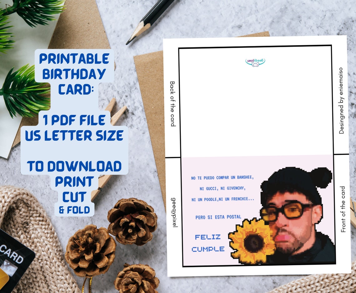 Bad bunny birthday card yhlqmdlg bad bunny feliz etsy Artofit
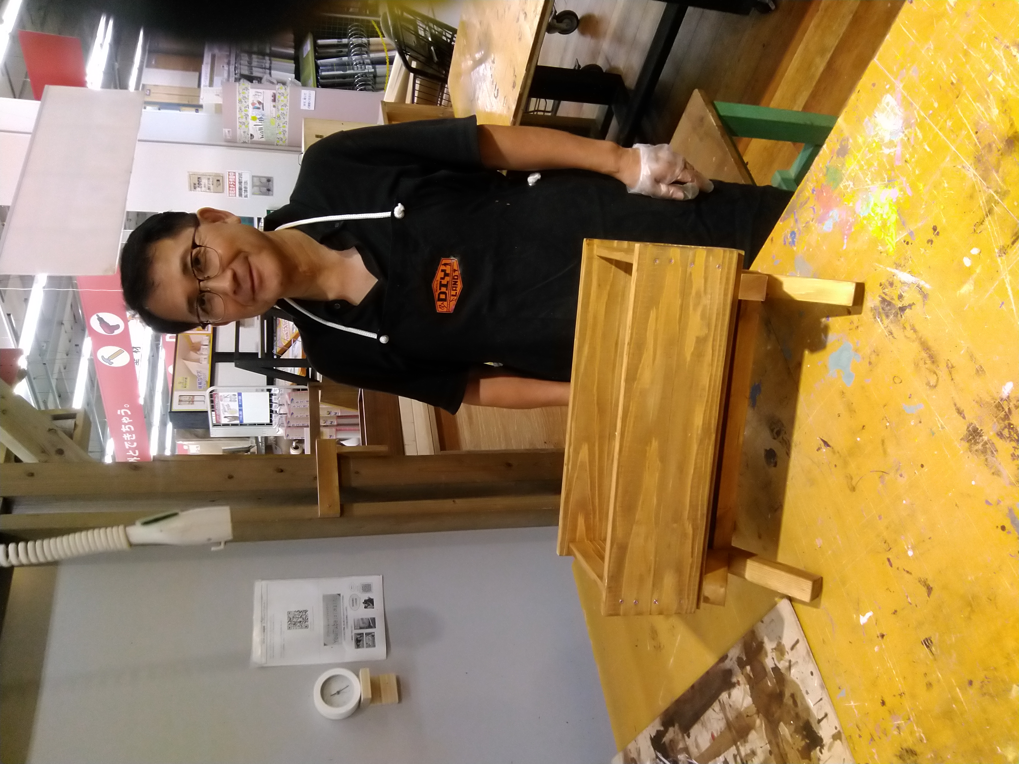 【午前1回の開催です】カット済みの木材を電動工具で組み立て、ワックスと水性塗料でペイントし、ステンシルで仕上げます。防災用品や園芸用品など収納力抜群!玄関先で荷物を置いたり、軽く腰掛けたり、収納もできる実用性の高い作品です。ちょっとしたコツが必要な”蝶番”の取り付け方も学べます。
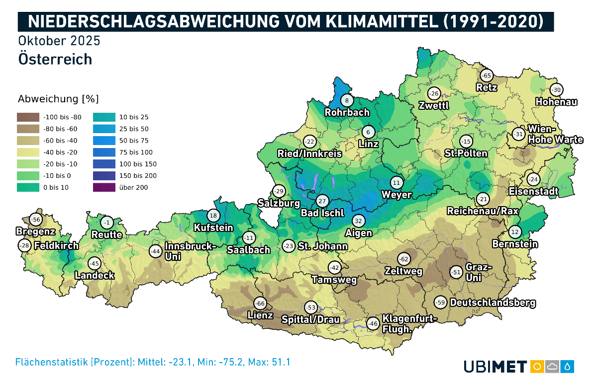Österreichweit fiel der Oktober eine Spur kühler als im langjährigen Mittel von 1991 bis 2020 aus. Besonders auf den Bergen der Nordalpen war der Monat sogar spürbar zu kühl. Die größten Abweichungen von rund -1,5 Grad wurden unter anderem in Obertauern, auf der Schmittenhöhe und auf dem Patscherkofel verzeichnet. In den Tälern waren die Anomalien deutlich moderater, hier fiel der Oktober ziemlich durchschnittlich aus. Positive Anomalien waren rar gesät, doch es gab sie: Im Rheintal und im östlichen Flachland bilanziert der Monat rund ein halbes Grad zu mild.
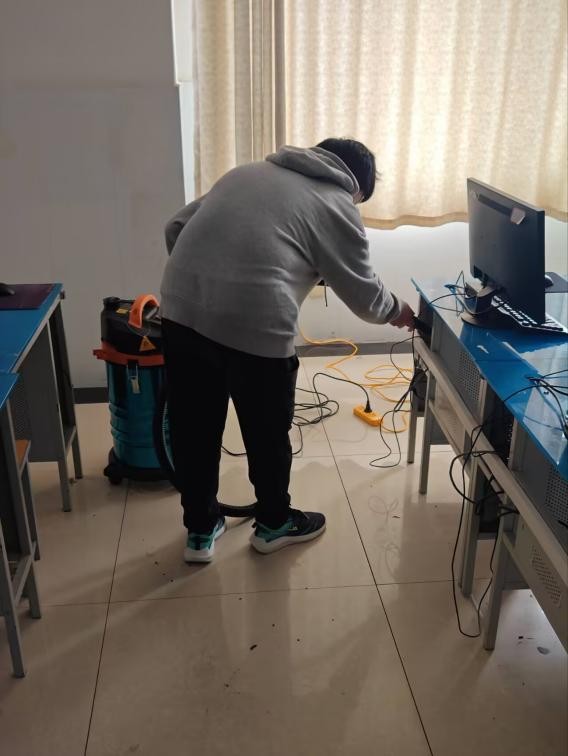活动当日,在机房管理老师的悉心指导下,同学们迅速行动,明确分工。小心翼翼清理机箱,确保设备的顺畅运行;认真仔细扫拖地面、擦桌子、玻璃,铲除顽固的胶渍等,力求尽善尽美,在整个清扫过程中,同学们毫无怨言,不怕脏、不怕累,干劲十足,以饱满的热情为营造良好的考试环境贡献着自己的力量。
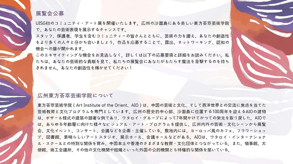 この度、第1回UISGコミュニティ・アート展を開催する運びとなりました。広州の沙面島にある美しい東洋美術学院で、あなたの芸術表現を展示するチャンスです。
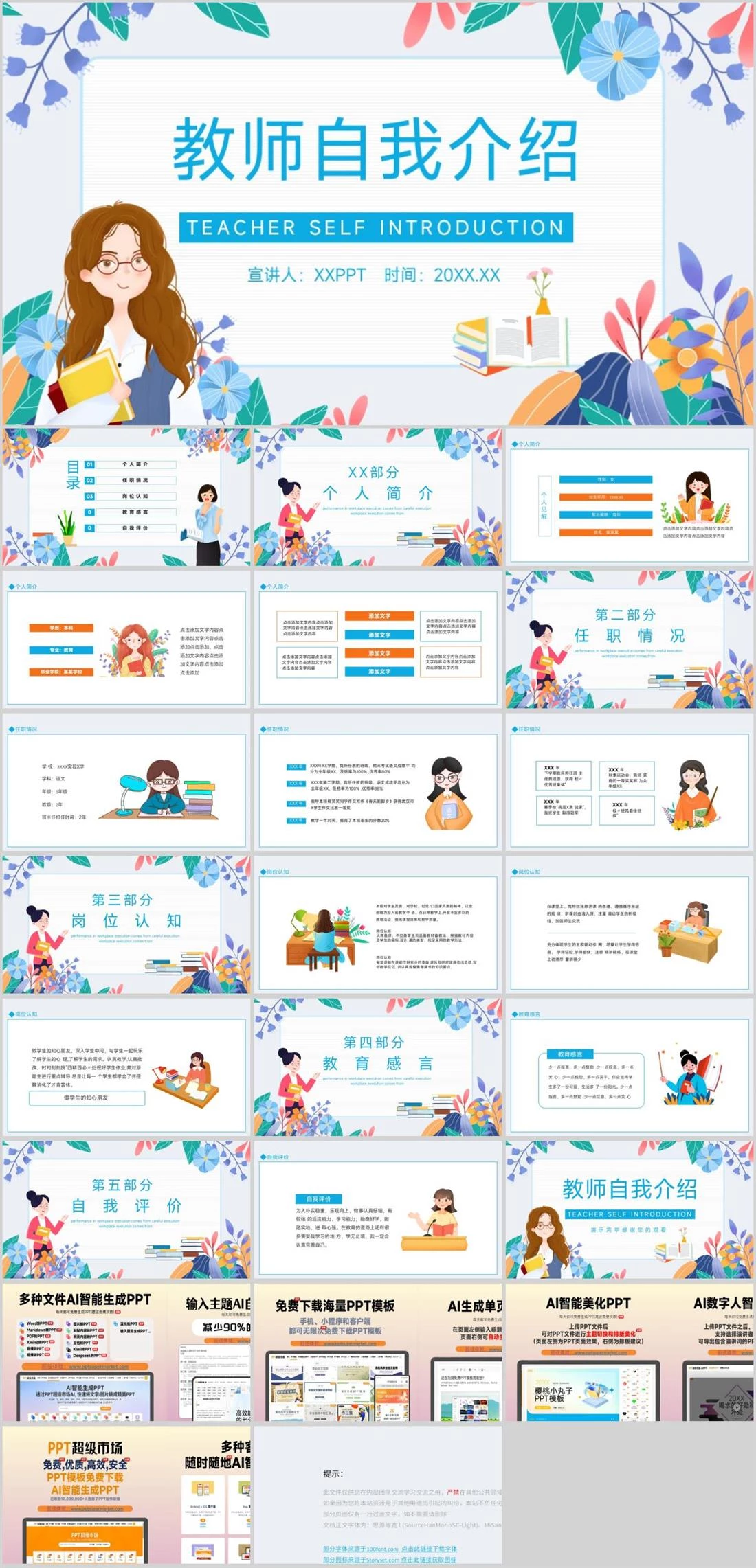 教师自我介绍TEACHER SELF INTRODUCTION宣讲人:XXPPT 时间:20XX.XX老师介绍,884,
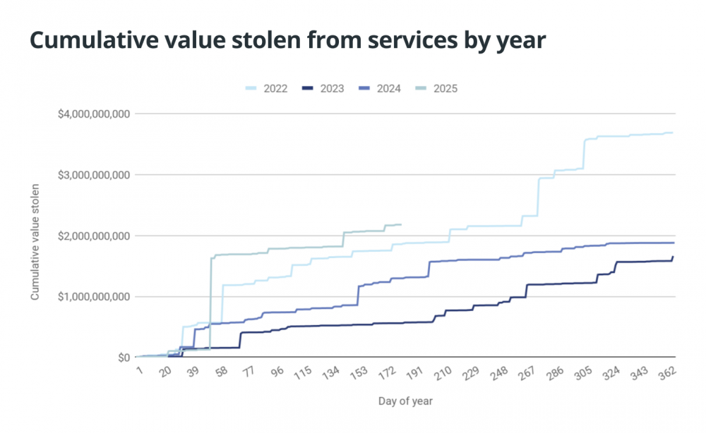 - В первой половине 2025 года было украдено более 2 400 000 долларов, что превышает показатель 2024 года.
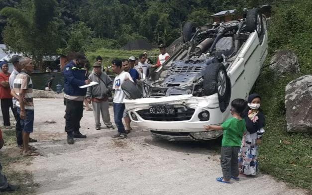 Minibus Terbalik di Matur Agam, Sopir dan Tujuh Penumpang Berdarah-darah
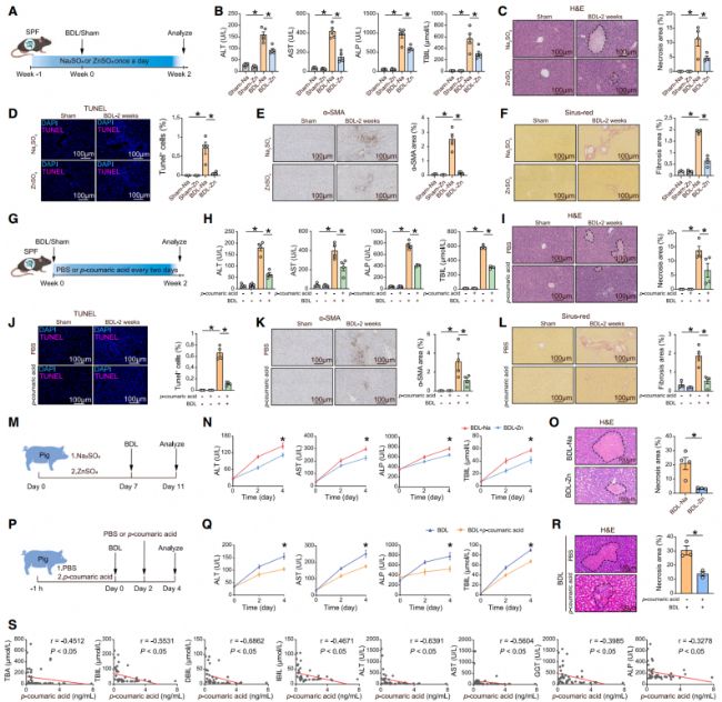 鋅和對香豆酸均能有效抑制小鼠膽汁淤積性慢性肝損傷和纖維化,在豬模型(大型動物模型)中,鋅預(yù)處理顯著降低了膽汁淤積性肝損傷標(biāo)志物,而對香豆酸也表現(xiàn)出對豬CLD的保護作用。此外,患者血漿中對香豆酸水平與多種肝功能指標(biāo)呈顯著負相關(guān),進一步表明這種微生物功能化合物參與CLD的發(fā)展。
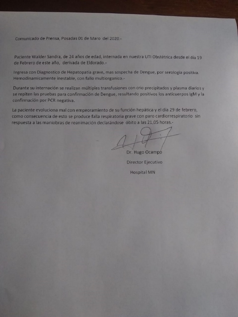 “Cuando ella ingresa su diagnóstico fue fallo hepático; es decir tenía fallo hemodinámico, síndrome de dificultad respiratoria y por eso se la trasladó al Materno donde tenemos la unica terapia en Misiones con terapistas obstétricos especializados en terapia intensiva obstétrica. Estuvo internada en el mejor lugar donde se hizo todo lo que se podía haber hecho”, dijo Alarcón al lamentar su fallecimiento.
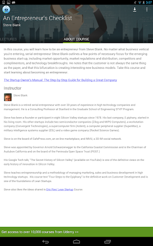 v tomto kurzu se od steva blanka naučíte, jak být podnikatelem. bez ohledu na to, do jaké obchodní vertikály vstupujete, sériový podnikatel Steve blank nastiňuje několik bodů, na které je třeba se zaměřit pro začínající...
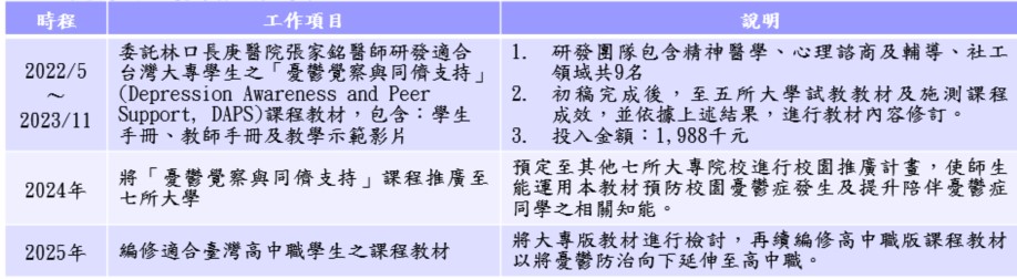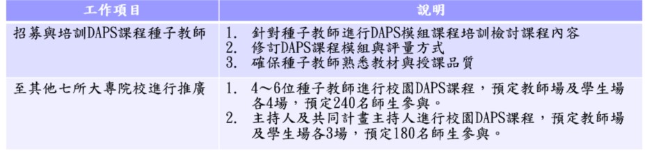 (三)預定先在北區培訓4~6位種子教師,並推展到其他七校420位大專 院校師生參與憂鬱覺察與同儕支持(DAPS)課程,預定工作項目如下
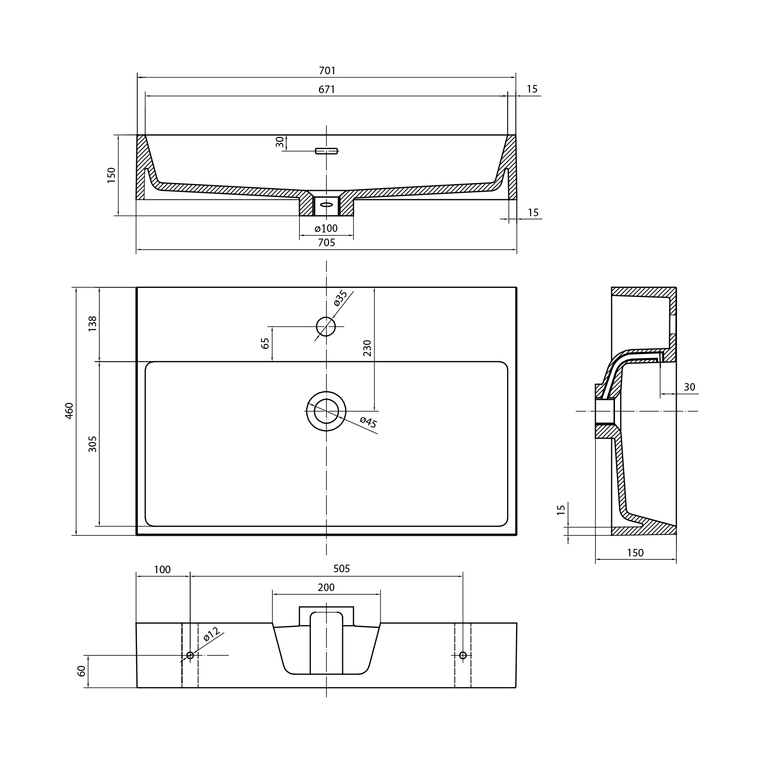 AQUATIC umyvadlo, litý mramor, 70x46cm, bílá
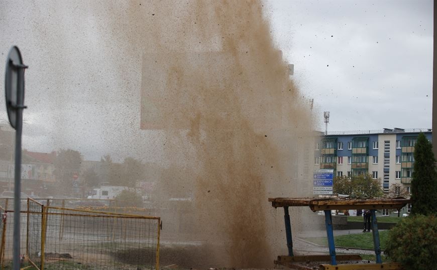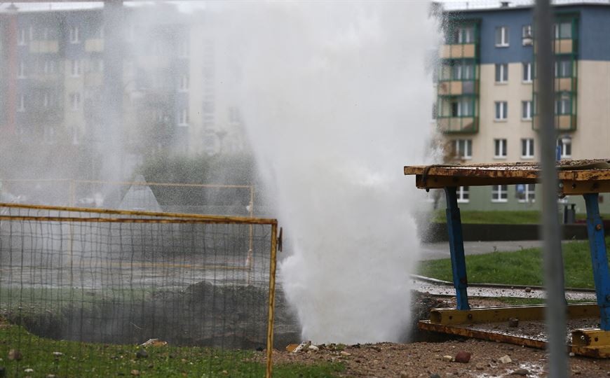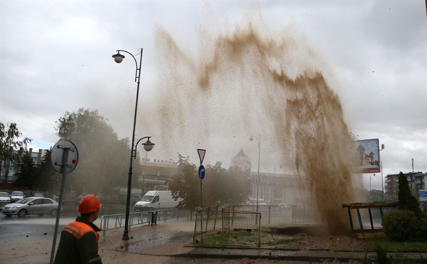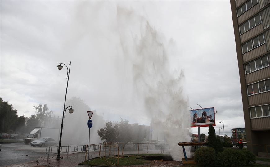 В Гродно струя воды из прорванной трубы достигала высоты в несколько этажей.

^^^^

The problem: "- В первой половине" marks the first line to be returned; return exactly that line and every line after it through the last line of the listing, omitting pictures.

Solution below:
 - В первой половине 2025 года было украдено более 2 400 000 долларов, что превышает показатель 2024 года.
 Minibus Terbalik di Matur Agam, Sopir dan Tujuh Penumpang Berdarah-darah
 鋅和對香豆酸均能有效抑制小鼠膽汁淤積性慢性肝損傷和纖維化,在豬模型(大型動物模型)中,鋅預(yù)處理顯著降低了膽汁淤積性肝損傷標(biāo)志物,而對香豆酸也表現(xiàn)出對豬CLD的保護作用。此外,患者血漿中對香豆酸水平與多種肝功能指標(biāo)呈顯著負相關(guān),進一步表明這種微生物功能化合物參與CLD的發(fā)展。
 “Cuando ella ingresa su diagnóstico fue fallo hepático; es decir tenía fallo hemodinámico, síndrome de dificultad respiratoria y por eso se la trasladó al Materno donde tenemos la unica terapia en Misiones con terapistas obstétricos especializados en terapia intensiva obstétrica. Estuvo internada en el mejor lugar donde se hizo todo lo que se podía haber hecho”, dijo Alarcón al lamentar su fallecimiento.
 v tomto kurzu se od steva blanka naučíte, jak být podnikatelem. bez ohledu na to, do jaké obchodní vertikály vstupujete, sériový podnikatel Steve blank nastiňuje několik bodů, na které je třeba se zaměřit pro začínající...
 (三)預定先在北區培訓4~6位種子教師,並推展到其他七校420位大專 院校師生參與憂鬱覺察與同儕支持(DAPS)課程,預定工作項目如下
 AQUATIC umyvadlo, litý mramor, 70x46cm, bílá
 В Гродно струя воды из прорванной трубы достигала высоты в несколько этажей.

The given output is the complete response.